**EXERCISE GOAL:** Since the listing below shows pictures, leave them out and write out exactly the lines from the line with "1月22日,温水派出所在开展" to the line with "半固態廢物配伍后,卸入半固態", both included, and no others.

**TASK MATERIAL:**
:::::

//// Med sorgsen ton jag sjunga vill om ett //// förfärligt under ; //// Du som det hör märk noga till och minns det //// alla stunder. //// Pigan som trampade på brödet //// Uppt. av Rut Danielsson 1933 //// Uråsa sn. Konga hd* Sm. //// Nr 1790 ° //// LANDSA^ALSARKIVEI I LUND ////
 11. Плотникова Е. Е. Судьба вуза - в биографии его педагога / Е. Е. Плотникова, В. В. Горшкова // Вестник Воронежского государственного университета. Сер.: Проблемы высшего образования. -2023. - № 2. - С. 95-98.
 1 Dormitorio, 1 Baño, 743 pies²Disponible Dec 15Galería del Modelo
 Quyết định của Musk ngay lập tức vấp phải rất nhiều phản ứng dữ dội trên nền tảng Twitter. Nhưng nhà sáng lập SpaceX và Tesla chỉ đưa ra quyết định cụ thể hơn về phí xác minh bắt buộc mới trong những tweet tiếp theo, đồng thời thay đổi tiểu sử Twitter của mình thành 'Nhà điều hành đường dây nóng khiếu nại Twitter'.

:::::

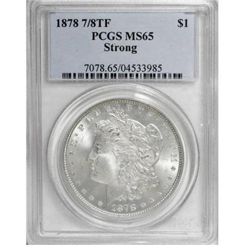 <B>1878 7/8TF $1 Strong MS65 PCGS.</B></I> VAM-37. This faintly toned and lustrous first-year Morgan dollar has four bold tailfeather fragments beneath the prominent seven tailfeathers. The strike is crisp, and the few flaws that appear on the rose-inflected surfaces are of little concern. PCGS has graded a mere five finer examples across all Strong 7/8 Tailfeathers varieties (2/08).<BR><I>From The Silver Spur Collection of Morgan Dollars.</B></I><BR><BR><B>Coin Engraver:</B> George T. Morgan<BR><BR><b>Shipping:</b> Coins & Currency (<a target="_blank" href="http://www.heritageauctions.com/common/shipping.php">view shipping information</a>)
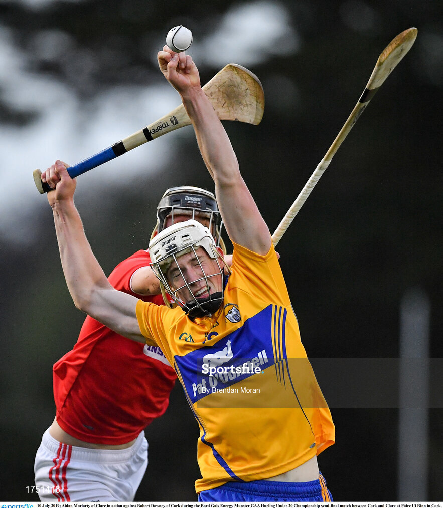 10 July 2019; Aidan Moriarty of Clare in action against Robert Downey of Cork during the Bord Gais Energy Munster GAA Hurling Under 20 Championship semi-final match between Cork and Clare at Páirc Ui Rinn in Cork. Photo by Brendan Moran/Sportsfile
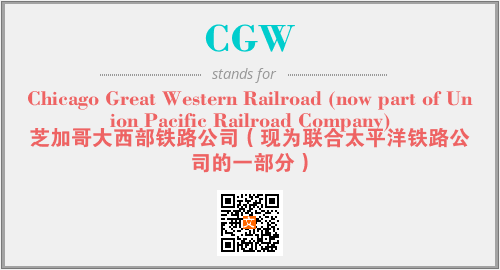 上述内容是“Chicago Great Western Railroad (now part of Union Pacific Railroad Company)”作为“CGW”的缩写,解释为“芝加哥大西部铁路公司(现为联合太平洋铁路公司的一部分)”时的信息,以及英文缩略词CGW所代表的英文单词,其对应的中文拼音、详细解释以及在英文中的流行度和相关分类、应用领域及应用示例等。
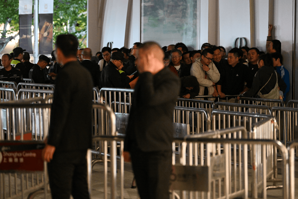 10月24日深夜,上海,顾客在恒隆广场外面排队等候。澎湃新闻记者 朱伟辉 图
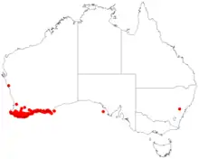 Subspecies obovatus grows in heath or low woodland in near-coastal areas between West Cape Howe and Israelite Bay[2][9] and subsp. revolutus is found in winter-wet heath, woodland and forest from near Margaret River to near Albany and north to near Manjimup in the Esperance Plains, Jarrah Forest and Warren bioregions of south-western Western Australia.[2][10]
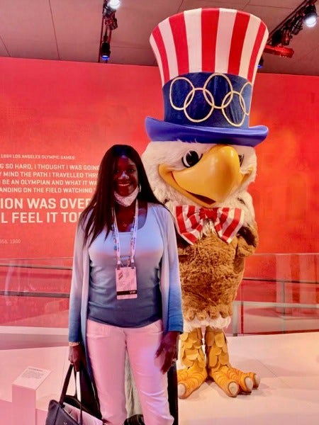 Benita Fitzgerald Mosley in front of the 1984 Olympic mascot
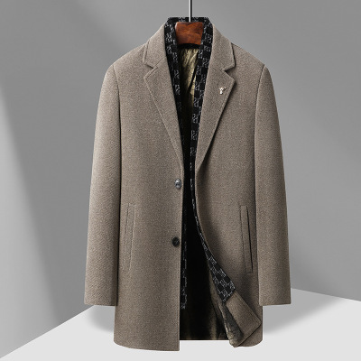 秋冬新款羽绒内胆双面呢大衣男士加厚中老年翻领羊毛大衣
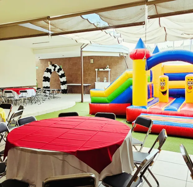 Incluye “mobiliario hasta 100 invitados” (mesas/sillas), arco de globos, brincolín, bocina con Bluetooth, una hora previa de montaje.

:::::

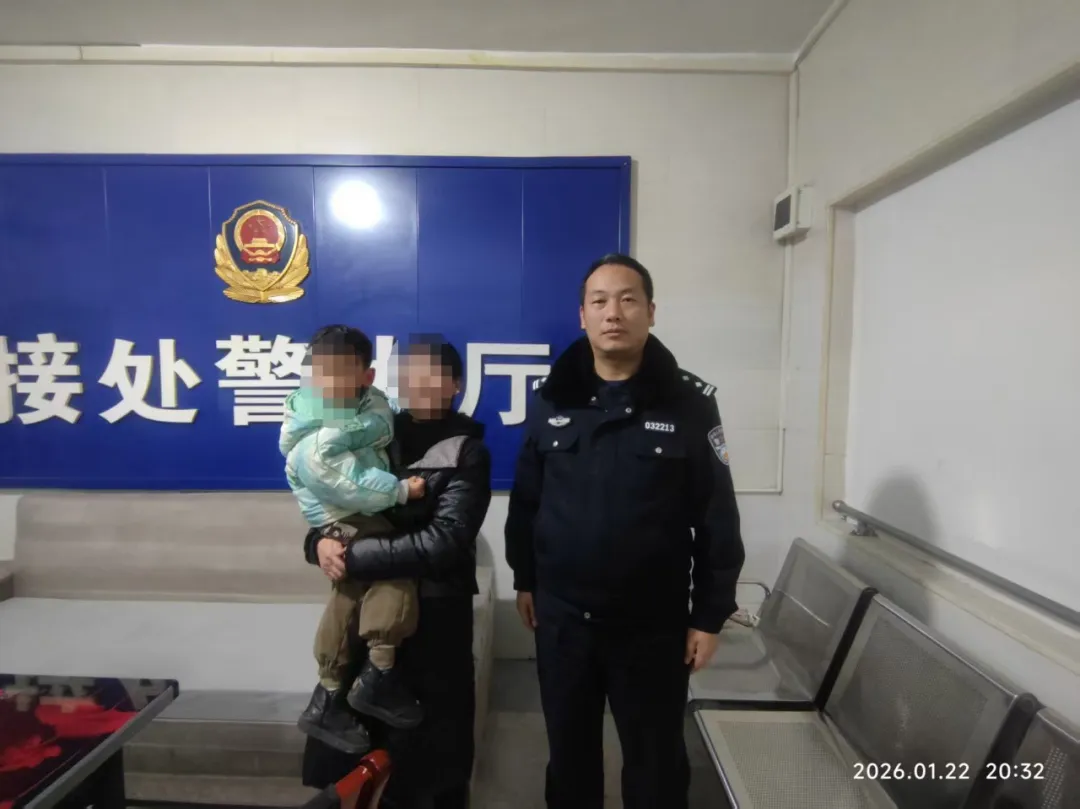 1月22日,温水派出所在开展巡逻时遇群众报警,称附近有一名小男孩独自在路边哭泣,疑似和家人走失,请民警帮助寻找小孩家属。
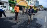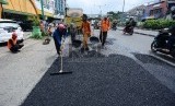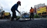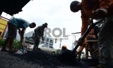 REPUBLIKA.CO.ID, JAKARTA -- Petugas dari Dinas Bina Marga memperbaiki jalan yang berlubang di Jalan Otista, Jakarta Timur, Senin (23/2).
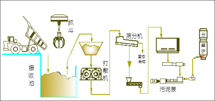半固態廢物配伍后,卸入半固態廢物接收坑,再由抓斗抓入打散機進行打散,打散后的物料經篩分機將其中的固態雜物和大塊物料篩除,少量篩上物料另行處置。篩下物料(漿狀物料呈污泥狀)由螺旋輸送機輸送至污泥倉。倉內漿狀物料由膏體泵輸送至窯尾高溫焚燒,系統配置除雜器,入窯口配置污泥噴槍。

:::::

**RESPONSE TO THIS EXERCISE:**
 1月22日,温水派出所在开展巡逻时遇群众报警,称附近有一名小男孩独自在路边哭泣,疑似和家人走失,请民警帮助寻找小孩家属。
 REPUBLIKA.CO.ID, JAKARTA -- Petugas dari Dinas Bina Marga memperbaiki jalan yang berlubang di Jalan Otista, Jakarta Timur, Senin (23/2).
半固態廢物配伍后,卸入半固態廢物接收坑,再由抓斗抓入打散機進行打散,打散后的物料經篩分機將其中的固態雜物和大塊物料篩除,少量篩上物料另行處置。篩下物料(漿狀物料呈污泥狀)由螺旋輸送機輸送至污泥倉。倉內漿狀物料由膏體泵輸送至窯尾高溫焚燒,系統配置除雜器,入窯口配置污泥噴槍。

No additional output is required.